++++ Available data ++++
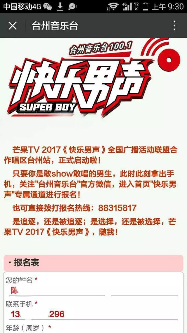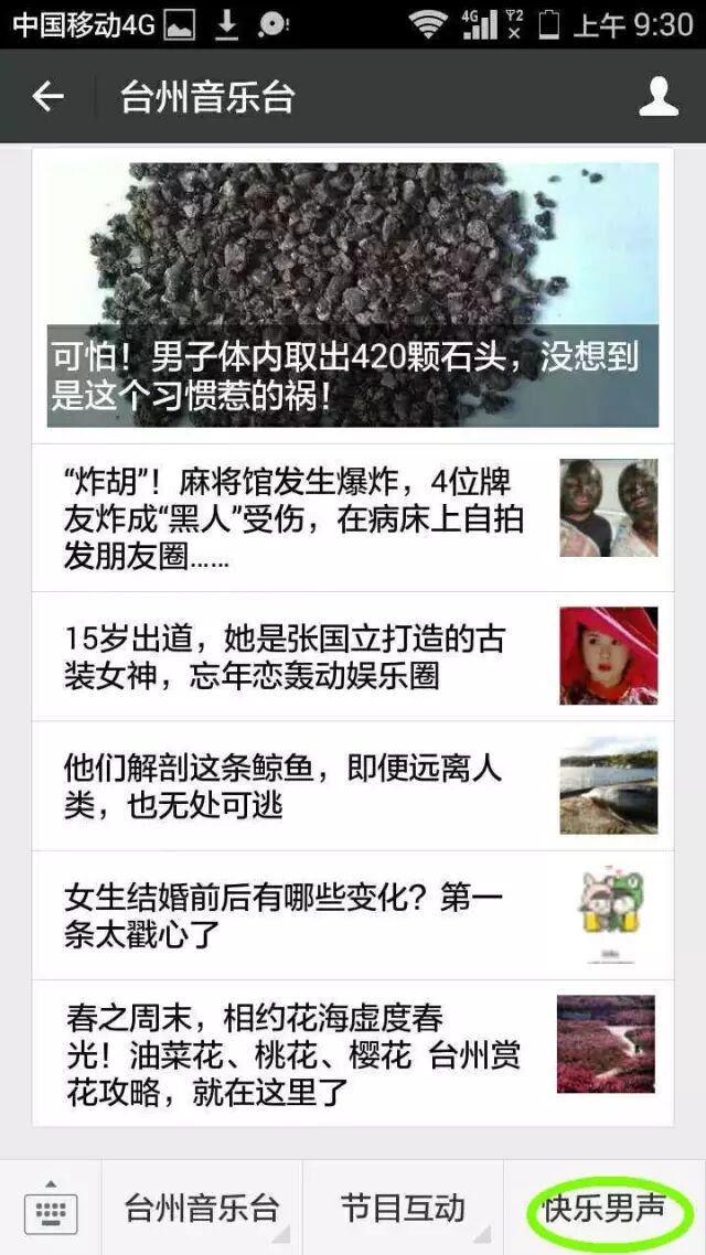 1进入“台州音乐台”(tzyyt1001)官方微信,下拉找到“快乐男声”
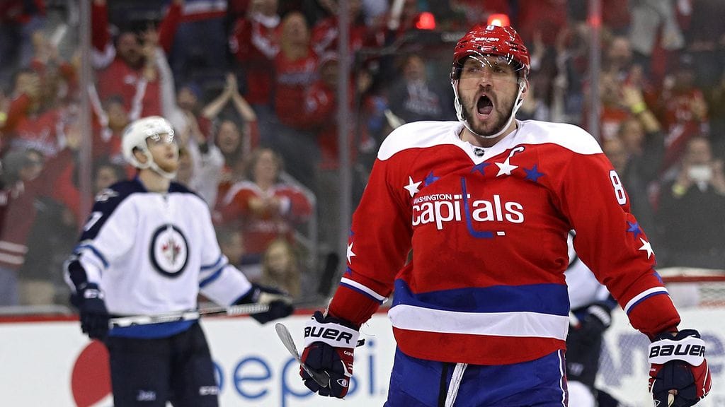 Washington Capitalsin Aleksandr Ovetshkin nousi valokeilaan ottelussa Winnipeg Jetsiä vastaan.
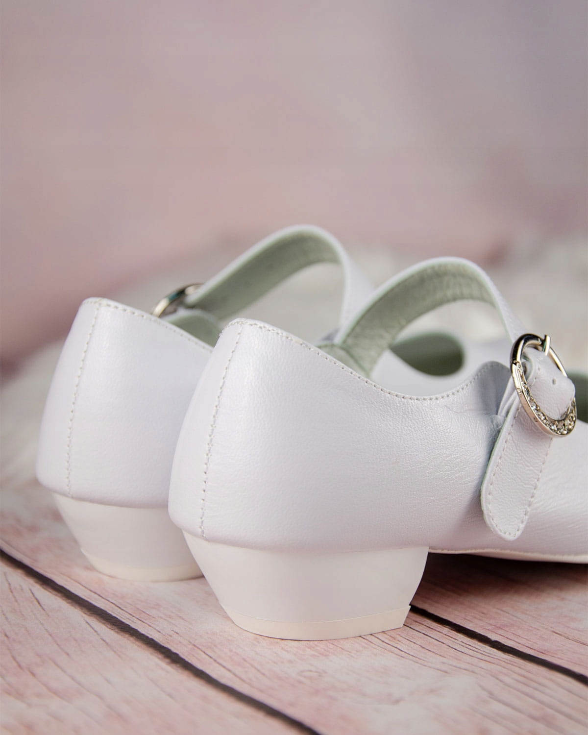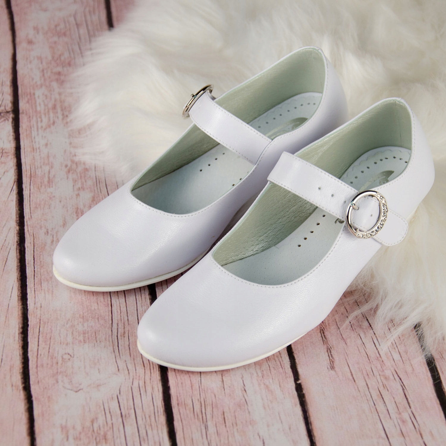 Элегантные белые туфли для причастия для девочек. Обувь имеет правильную форму, что делает ее очень удобной. Кроме того, спереди имеется ремень для лучшей поддержки стопы. Модель на тонком каблуке высотой 2,5 см, белого цвета. Гладкая модель, которая подойдет к любому платью или альбому. Внешняя часть обуви изготовлена из экологической кожи, а стелька – из натуральной кожи. Классические балетки идеально подходят как для Первого причастия, так и для других торжеств.
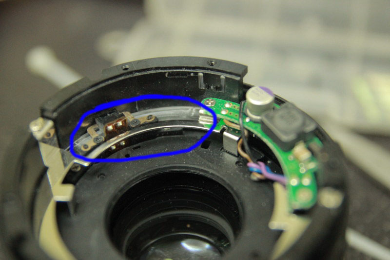 Sampai di dalam, saya coba bersihkan semua bagiannya. Saya menemukan sebuah strip agak transparan (lingkaran biru pada gambar) yang ikut berputar jika ring fokus saya putar, sepertinya bagian dari sensor posisi fokus lensa. Saya coba bersihkan bagian ini dengan cutton bud dan cairan pembersih kacamata, dan ajaibnya, dari warnanya putih seperti di gambar, berubah jadi transparan.
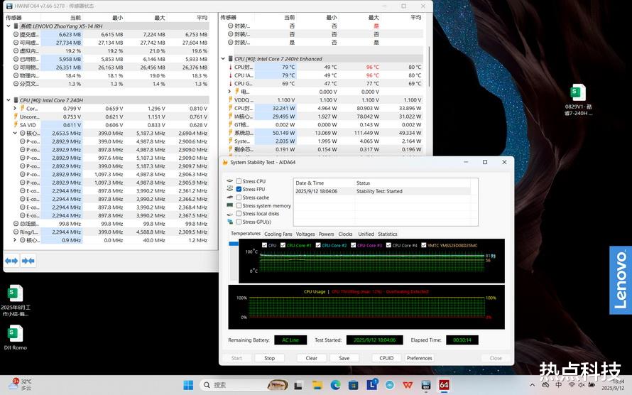 在测试了CPU性能的同时,我们也不忘测试了笔记本电脑整机散热能力,使用了AIDA64进行单烤测试,在连续测试了30分钟后,CPU的温度去到了96摄氏度,只能说散热系统表现一般般。
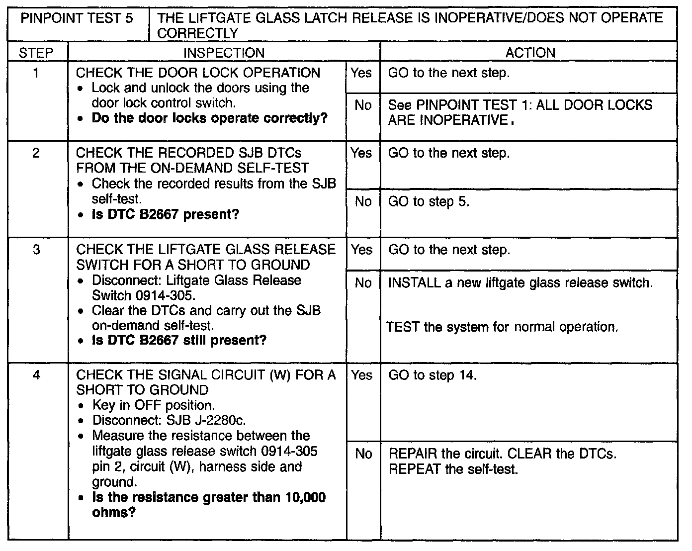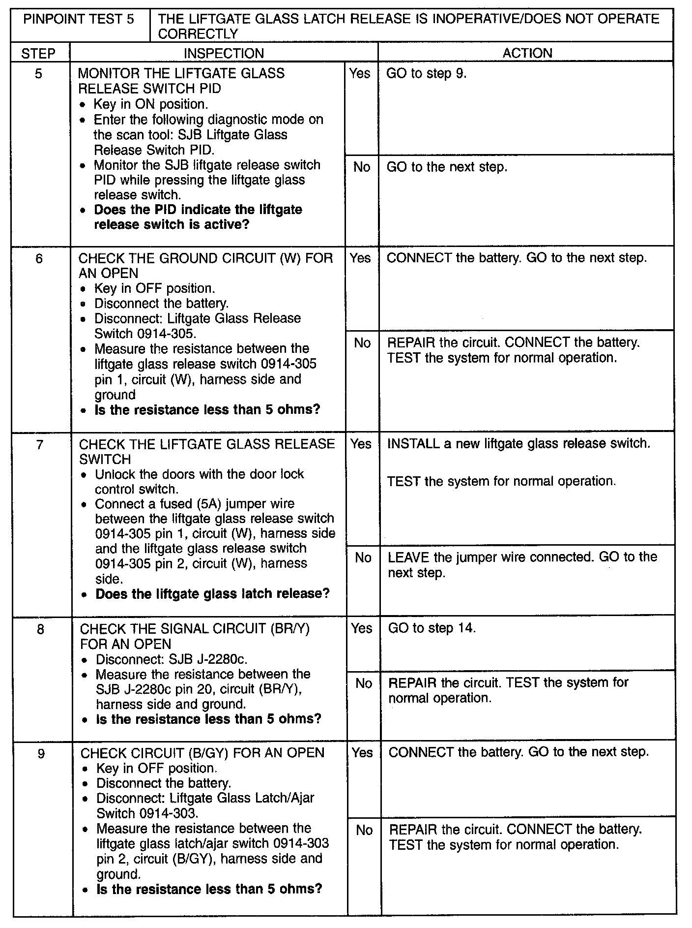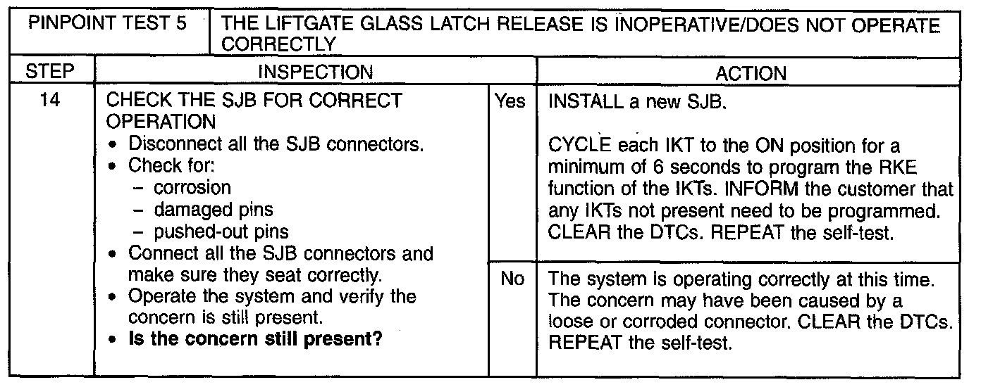 Pinpoint Test 5: The Liftgate Glass Latch Release Is Inoperative/Does Not Operate Correctly
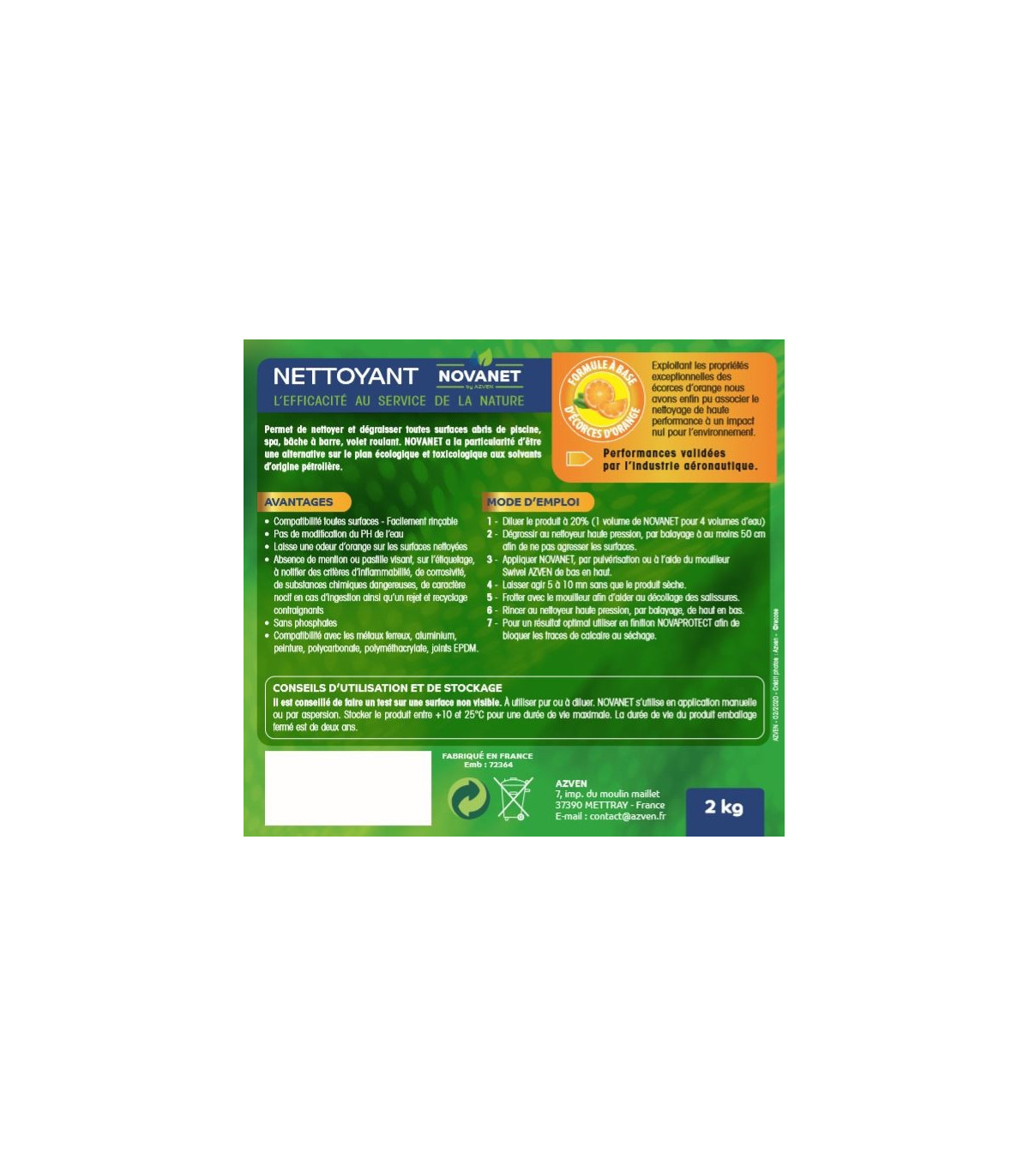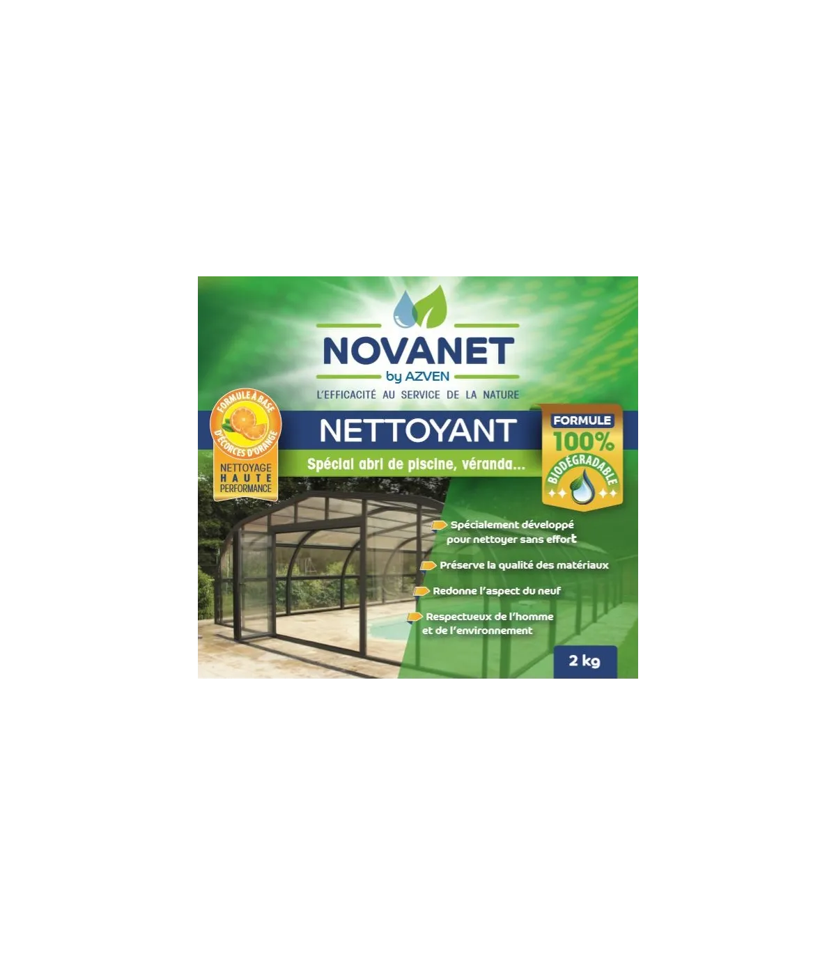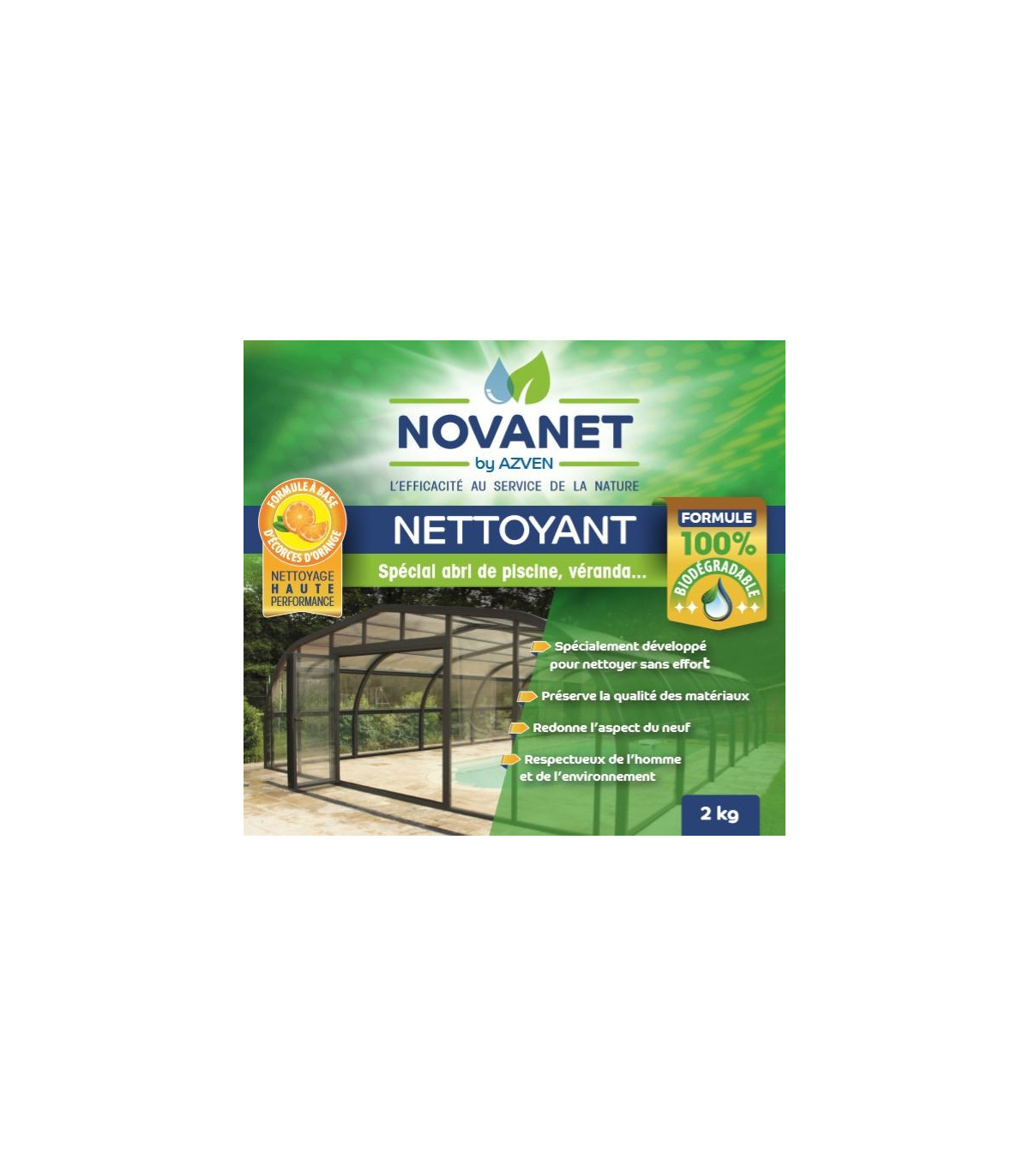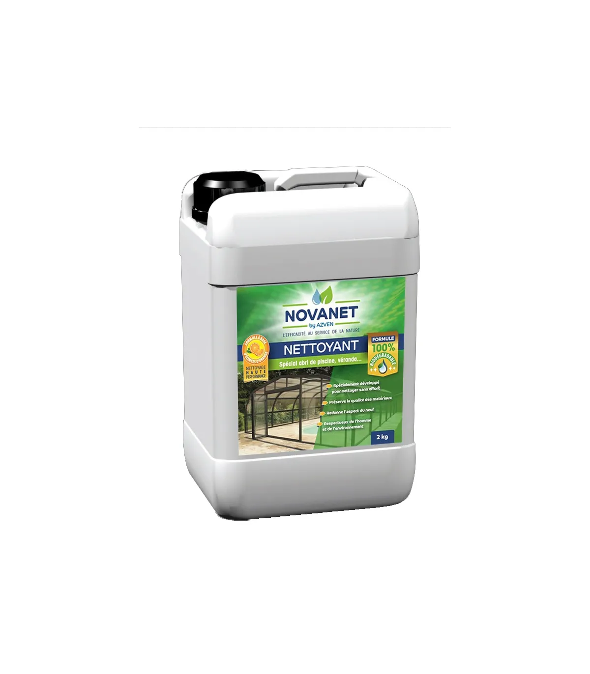 Ce produit permet de nettoyer et dégraisser toutes surfaces : abris de piscine, spa, bâche à barre, volet roulant... NOVANET a la particularité d'être une alternative sur le plan écologique et toxicologique aux solvants d'origine pétrolière.
++++
**Work instructions:**
Without the pictures, write out the lines from the beginning of the entries through the line with "Элегантные белые туфли".

**Solution to the exercise:**
 1进入“台州音乐台”(tzyyt1001)官方微信,下拉找到“快乐男声”
 Washington Capitalsin Aleksandr Ovetshkin nousi valokeilaan ottelussa Winnipeg Jetsiä vastaan.
 Элегантные белые туфли для причастия для девочек. Обувь имеет правильную форму, что делает ее очень удобной. Кроме того, спереди имеется ремень для лучшей поддержки стопы. Модель на тонком каблуке высотой 2,5 см, белого цвета. Гладкая модель, которая подойдет к любому платью или альбому. Внешняя часть обуви изготовлена из экологической кожи, а стелька – из натуральной кожи. Классические балетки идеально подходят как для Первого причастия, так и для других торжеств.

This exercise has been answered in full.